= List of lost covered bridges in Parke County, Indiana =

The "lost" covered bridges of Parke County covers the covered bridges of Parke County, Indiana, United States, that have been destroyed, either through floods, arson, or demolition.

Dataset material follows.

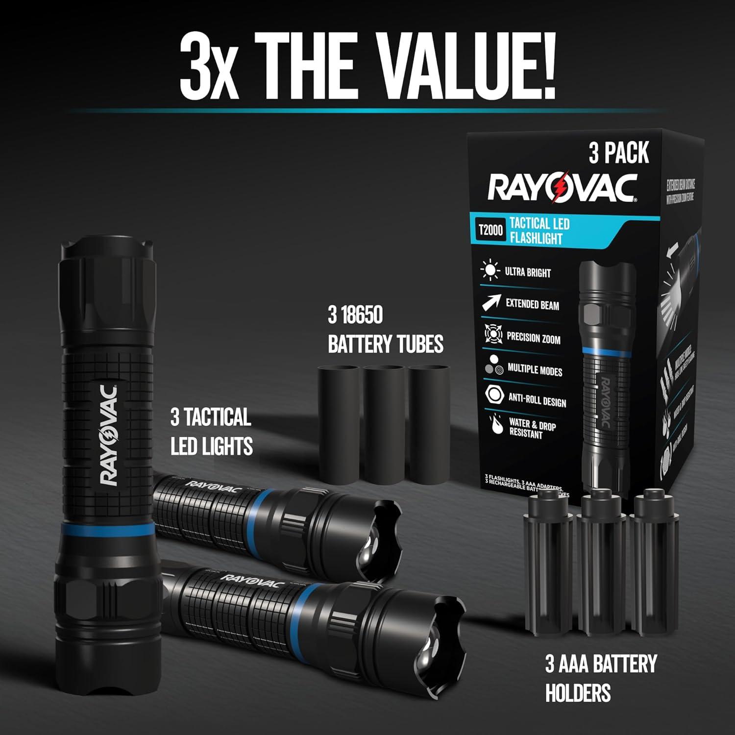 ONE 3-PACK OF RAYOVAC T2000 TACTICAL LED FLASHLIGHTS: Conveniently small flashlights that offer powerful brightness in a compact yet durable form factor

Parke County is the self-proclaimed "Covered Bridge Capital of the World". It claims to have more covered bridges than any other county in the United States. At one time as many as 52 1/2 covered bridges existed in Parke County. The half bridge comes from a shared bridge with Vermillion County that crossed the Wabash River. Today 31 of those bridges survive, 10 of which have been closed to vehicle traffic. Because of the numerous streams and creeks meandering through the county and the ready natural resources to build the bridges, Parke County has many covered bridges.

==Construction==
Almost all of the bridges exteriors were built of poplar wood, with interiors, trusses, arches and planking built of oak. The majority of the bridges were built using a Burr Arch or a double Burr Arch design.

Parke County had two bridge builders who built most of the bridges in the county. The first of these was J.J. Daniels. Born in 1826, in Marietta, Ohio, he built railroad bridges in Ohio and Indiana and 60 covered bridges in Indiana. Of these 60 bridges, 27 alone were in Parke County, with 11 of those still standing. The second was J.A. Britton. He was born just three miles east of Rockville, in 1838. Britton would built 17 covered bridges in Parke County, with 12 of those still standing.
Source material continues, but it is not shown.